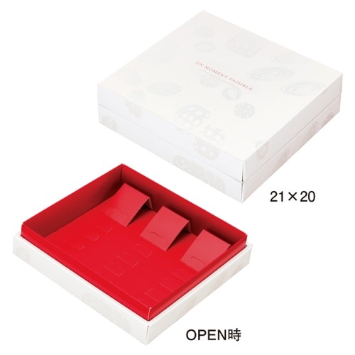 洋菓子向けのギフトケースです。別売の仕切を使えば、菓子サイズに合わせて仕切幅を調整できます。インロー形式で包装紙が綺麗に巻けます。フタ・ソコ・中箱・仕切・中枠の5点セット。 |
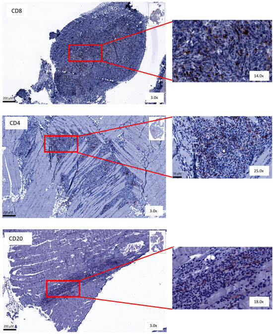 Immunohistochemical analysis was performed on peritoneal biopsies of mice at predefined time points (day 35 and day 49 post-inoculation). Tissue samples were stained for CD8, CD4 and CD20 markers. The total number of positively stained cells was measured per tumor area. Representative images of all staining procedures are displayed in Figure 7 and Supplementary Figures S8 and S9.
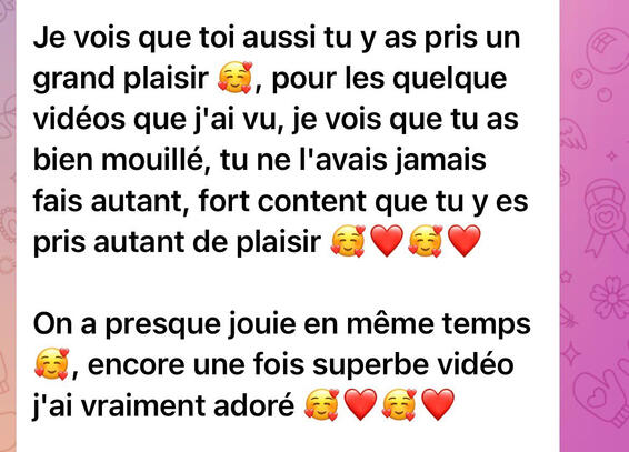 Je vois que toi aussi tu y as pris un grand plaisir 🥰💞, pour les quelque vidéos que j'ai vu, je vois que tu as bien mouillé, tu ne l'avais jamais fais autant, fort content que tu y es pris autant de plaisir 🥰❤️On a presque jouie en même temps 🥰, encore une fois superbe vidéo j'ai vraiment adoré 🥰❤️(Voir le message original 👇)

********************

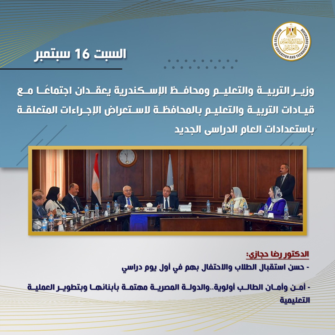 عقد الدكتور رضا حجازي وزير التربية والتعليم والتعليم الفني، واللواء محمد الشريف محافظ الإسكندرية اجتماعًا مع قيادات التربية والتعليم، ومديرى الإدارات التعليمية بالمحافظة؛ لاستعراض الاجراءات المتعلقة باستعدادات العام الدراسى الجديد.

********************

= TASK STATEMENT =
Nothing but the lines above, starting at the line that contains "Immunohistochemical analysis was" and ending at the line that contains "Je vois que toi", should be given again, exactly and without the pictures.

= RESPONSE AREA =
 Immunohistochemical analysis was performed on peritoneal biopsies of mice at predefined time points (day 35 and day 49 post-inoculation). Tissue samples were stained for CD8, CD4 and CD20 markers. The total number of positively stained cells was measured per tumor area. Representative images of all staining procedures are displayed in Figure 7 and Supplementary Figures S8 and S9.
 Je vois que toi aussi tu y as pris un grand plaisir 🥰💞, pour les quelque vidéos que j'ai vu, je vois que tu as bien mouillé, tu ne l'avais jamais fais autant, fort content que tu y es pris autant de plaisir 🥰❤️On a presque jouie en même temps 🥰, encore une fois superbe vidéo j'ai vraiment adoré 🥰❤️(Voir le message original 👇)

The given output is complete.